Hakim avait achevé d'une voix rêveuse, admirative peut-être, qui provoqua une moue de dégoût chez Daryl. Et un début de colère aussi. La beauté du truc? Il avait peut-être vu le virus, mais il n'avait pas vu Sophia sortir de la grange. La beauté du truc!

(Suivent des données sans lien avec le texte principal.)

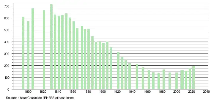L'évolution du nombre d'habitants est connue à travers les recensements de la population effectués dans la commune depuis 1793. Pour les communes de moins de 10 000 habitants, une enquête de recensement portant sur toute la population est réalisée tous les cinq ans, les populations de référence des années intermédiaires étant quant à elles estimées par interpolation ou extrapolation[23]. Pour la commune, le premier recensement exhaustif entrant dans le cadre du nouveau dispositif a été réalisé en 2007[24].
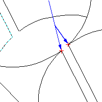 Para verificar se há vértices de faca, selecione Ângulos agudos e Vértices de faca, depois defina o Ângulo da aresta. Se houver duas arestas adjacentes que se interceptam em um ângulo abaixo do valor especificado, o vértice entre elas é um vértice de faca.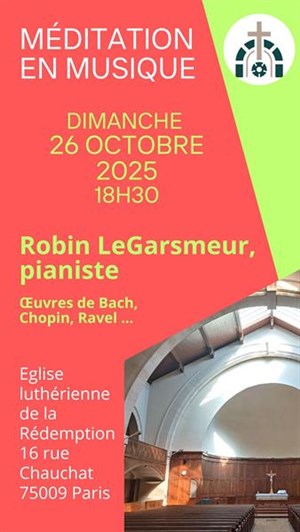 Découvre Méditation en musique, qui fait partie de notre sélection d’événements de type Gospel et qui se tient ici : Eglise luthérienne de la Rédemption -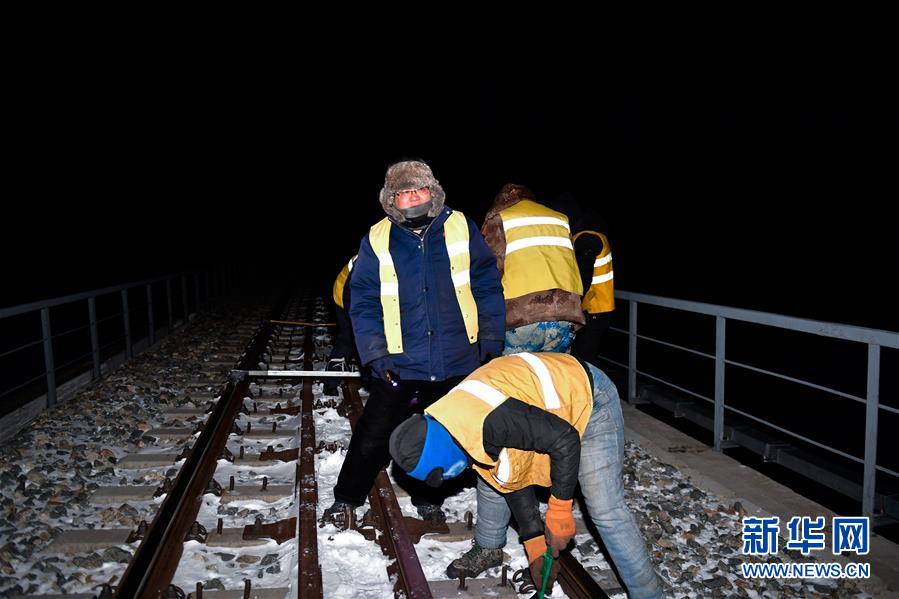朔風像刀子一樣刮過地表,海拔4500米的昆侖山腹地楚瑪爾河車站附近,幾束晃動的亮光刺破了生命禁區的黑暗,中國鐵路青藏集團有限公司格爾木工務段望昆線路車間的十幾個養護工在鐵軌上敲敲打打,零下二十多攝氏度的氣溫使工人棉帽上掛著出汗凝成的霜。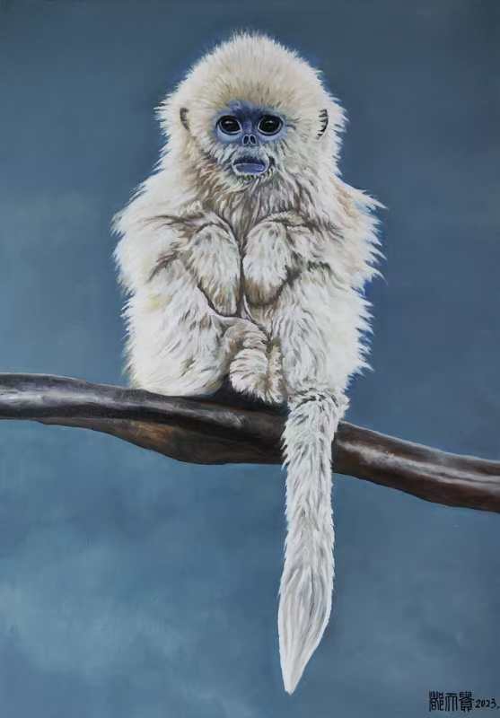 都天贵 金丝猴油画《小宝》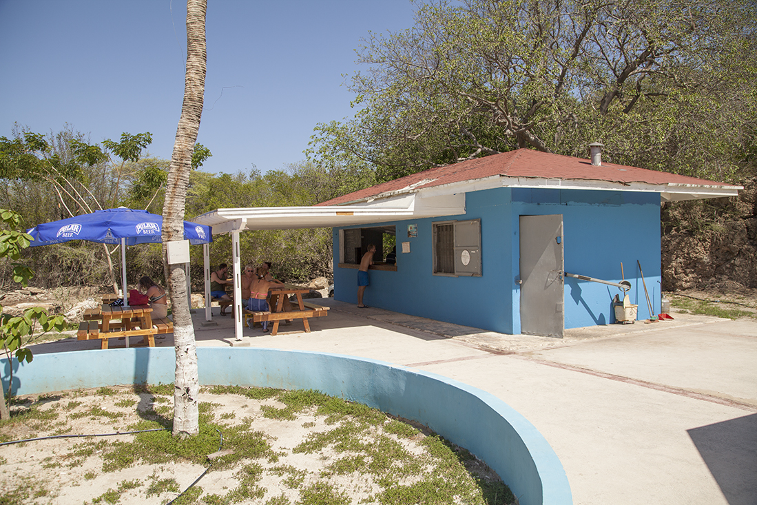 Na een eerste warme nacht (zitten ook zoveel knopjes op zo'n airco....) snel even verse broodjes gehaald bij bakkerij Panadería Paraguanáin in Tera Korá. Na het ontbijt aangeschoven bij de gezellige 6-dagelijkse koffietafel en kennis gemaakt met een groot aantal overige gasten en eigenaar Armand († 2020). Daarna maar eens richting strand. De bedoeling was om naar Kleine Knip te gaan, maar uiteindelijk kwamen we terecht op de Grote Knip. Na een heerlijke dag op dit prachtig gelegen strand met z'n onvoorstelbaar schone water werd het tijd om een biertje bij ons huisje te gaan drinken. Nog nét op tijd had Erna voor ons geregeld dat Wendel's vrouw ook voor ons (tegen een kleine vergoeding) een heerlijke maaltijd in ons huisje had neergezet. We hebben genoten van deze heerlijke vis met rijst. De combinatie zon, zwemmen en biertje zorgde ervoor dat we vroeg, héél vroeg naar de bovenverdieping vertrokken.

Et il était beau son virus, peut-être, quand il avait englouti sa marraine? Mais Daryl comprenait l'importance de cette conversation. Il ne fallait pas qu'il gâche le moment en piquant une de ses crises dont il avait le secret. Et il se calma, chose qui aurait été impossible il y a quelques mois. « Donc tu penses que quelqu'un a créé le virus comme une sorte d'arme? »
Hakim fit un petit geste qui ne l'engageait pas à grand chose, ni oui ni non. « C'est juste une hypothèse, mais ça expliquerait pas mal de choses.
- Et les militaires alors?
- Encore une fois, ce sont juste des hypothèses. Mais réfléchis une seconde à ce que peut valoir une information pertinente sur l'épidémie, sur le virus. La monnaie d'échange que ça peut être. Et sans vouloir être pessimiste, je pense pas que les militaires vont filer l'info à une société philanthropique. Et imagine s'il y avait une cure, un remède sur la table. Ce que les gens seraient prêts à donner pour ça. Celui qui a le remède, il peut acheter la terre entière. C'est ça l'enjeu du truc. »
Hakim sentit d'un coup une boule d'air froid se former dans son ventre, comme un trou glacé qui grandissait et engloutissait tout sur son passage. Il avait fallu qu'il prononce ces mots à voix haute, qu'il les dise à quelqu'un pour les comprendre, pour en saisir toute la vérité, jusque dans ses tripes gelées. Il se leva d'un bond, comme pour tenter d'échapper à son mal-être, à cette réalité soudaine qui l'assommait. Il annonça qu'il prendrait le premier tour de garde et que Daryl pouvait dormir un peu. Celui-ci n'objecta pas. Il était éreinté. Et il avait besoin de fermer les yeux pour ruminer tout ce qu'il venait d'apprendre. En s'installant aussi confortablement que possible, il se rejoua toute la conversation, depuis le début. A présent, il avait le sentiment de mieux comprendre Hakim, d'avoir percé son mystère. Mais il ne savait toujours pas ce qu'il fallait faire de lui, vers quelle direction le pousser. Ce qu'il savait, c'était qu'il fallait à tout prix empêcher les militaires de mettre la main dessus. Ça, il en était maintenant convaincu. Il en parlerait le lendemain à Rick, quand ils le retrouveraient. Ce fut sa dernière pensée consciente avant de sombrer dans un sommeil agité, peuplé de rêves étranges.